A confusing gift of consciousness, indeed. 

In another comment to another poster in Europe, who asked about myofascial release, I replied; 
"MFR: The Great Conversation
This is the thread where MFR was thoroughly deconstructed. Once and for all. Eviscerated. But MFR is such a zombie it won't stay dead. It wanders all over the world eating brains. It's a tissue based explanatory model that refuses to stay in its grave. Stay well away from it. Don't buy it. It's not real.  
"xxx was here for about 5 minutes, then he left. xxx has never been here, but kicked me off his facebook page because I challenged his explanatory model. Tissue-based explanatory models are like the Dementors in Harry Potter: 
"Dementors hold no true loyalty, except to whomever can provide them with the most people to feed off. They cannot be destroyed, though their numbers can be limited if the conditions in which they multiply are reduced, implying that they do die off eventually"
So, what is the metaphor most appropriate to the left hemisphere? Is it an emissary who tries to take over the throne? A dominator who tries to shut out the other? Does it concoct "dementor" operator explanatory models, willfully allow them to exist by not doing its real job of holding all possibilities simultaneously, uncertainly - instead being lazy, defaulting to some logical but closed explanation of events that occur during treatment?
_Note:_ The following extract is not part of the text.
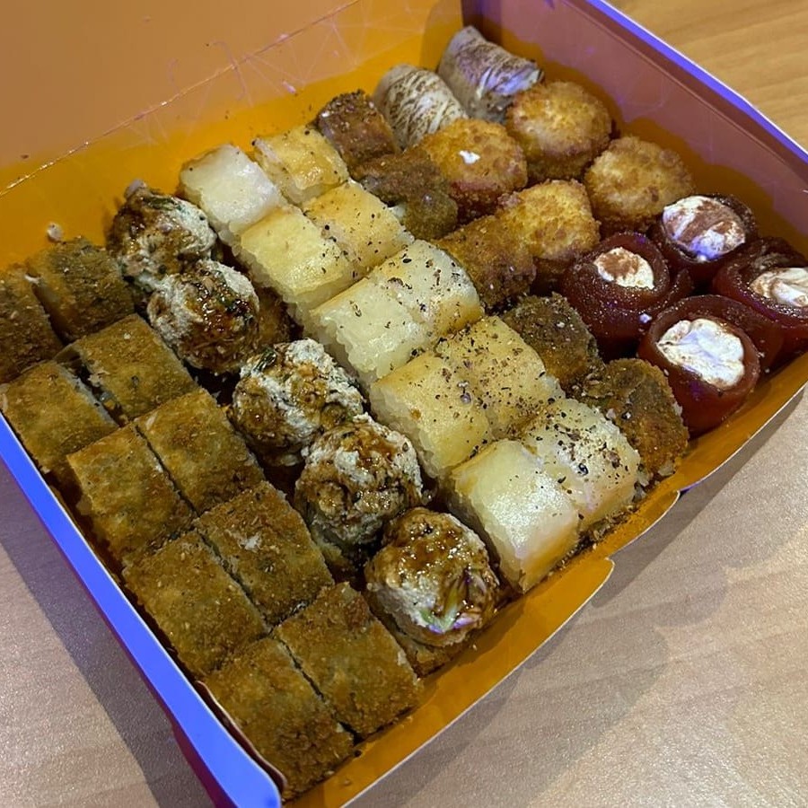 10 cariocas de salmão, 10 harumakis de kani, 5 canapés, 5 cariocas de atum, 2 ebi tuna prime, 4 kani keijo, 4 goiabadas prime(sobremesas) - Inalteráveis.

Models that are then grabbed out of thin air - for money!- by other eager left brains who are hungry for closure, no matter how absurd tissue-based models actually are? 

Left brains could get together and instead slay all these models, simply by pointing out how absurd they are, if they would only be bothered to, instead of supporting them or letting them exist out of some misplaced misguided loyalty or pretend kindness.